細胞生物学:有糸分裂の際のリン酸化によるAPC/C活性化の分子機構
Nature 533, 7602 doi: 10.1038/nature17973
真核生物では、分裂後期促進複合体(APC/C、別名サイクロソーム)は、特異的な細胞周期タンパク質のユビキチン依存的なタンパク質分解を調節して、有糸分裂での染色体分離およびG1期への進入を調整している。APC/Cの触媒活性や異なる細胞周期段階で特定のタンパク質の破壊を指定する能力は、Cdc20およびCdh1という構造的に近縁な2つのコアクチベーターサブユニットとの相互作用によって制御される。コアクチベーターは、基質のデグロンを認識して、コグネイトであるE2に対するAPC/Cの親和性を高める。有糸分裂の際には、サイクリン依存性キナーゼ(Cdk)とポロ様キナーゼ(Plk)がCdc20およびCdh1が仲介するAPC/Cの活性化を制御する。Cdc20がAPC/Cを活性化するためには、APC/Cのサブユニット、特にApc1およびApc3の過剰リン酸化が必要であるが、Cdh1はリン酸化されることでAPC/Cと結合できなくなる。どちらのコアクチベーターも共通のC-boxモチーフおよびIle-Arg尾部モチーフを介してAPC/Cに結合するので、この異なる調節の基礎となる機構は明らかになっておらず、特定のAPC/Cリン酸化部位の役割も分かっていない。今回我々は、低温電子顕微鏡法と生化学的解析を用いて、ヒトAPC/Cがリン酸化を受けることでCdc20によるAPC/Cの制御が可能になる仕組みの分子基盤を明らかにする。Apc1の自己抑制性領域は分子スイッチとして機能し、アポ状態の非リン酸化APC/CはC-box結合部位と相互作用して、APC/CとCdc20との結合を妨げる。この自己抑制性領域がリン酸化すると、APC/CがC-box結合部位から離れる。自己抑制性領域のリン酸化、そしてそれによる自己抑制の解除が効率的に行われるには、Cks(Cdk regulatory subunit)と複合体を形成したCdk–サイクリンがApc3の過剰リン酸化されたループへ動員される必要がある。
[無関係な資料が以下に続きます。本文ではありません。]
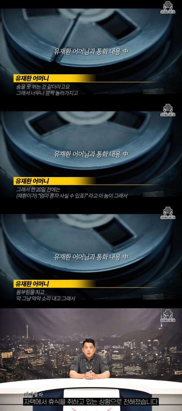 유재환의 어머니는 “재환이가 일을 저질렀다. 그래서 지금 응급실에 있다. 상태가 호전이 안되고 있다”며 “방에서 안 나오길래 자는 줄 알았는데 숨을 못 쉬었다. 119를 불렀다”고 말했다. 이어 그는 “20일 전에는 ‘엄마 혼자 사실 수 있죠?’라고 그래서 마음 약하게 먹지 말라고 했다”며 “애가 내성적이고 말을 잘 안하고 누구하고 이야기도 잘 안한다”고 설명했다. 이어 “조금 살아났다. 산소호흡기를 막 떼려고 하고 몸부림을 치고 악악 소리낸다고 한다”고 상황을 전했다.
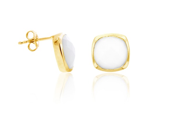 KenCraft KGE065GWA 18K Gold Over SS .925 White Agate 7cttw Earring

また、低分子阻害剤であるトシル-L-アルギニンメチルエステルが、APC/CCdh1よりもAPC/CCdc20を選択的に抑制し、C-boxモチーフおよびIle-Arg尾部モチーフの両方の結合部位と相互作用することも分かった。今回の結果から、有糸分裂の際のリン酸化によるAPC/Cの調節機構が明らかになり、この状態の選択的な阻害剤を開発するための論理的根拠が得られた。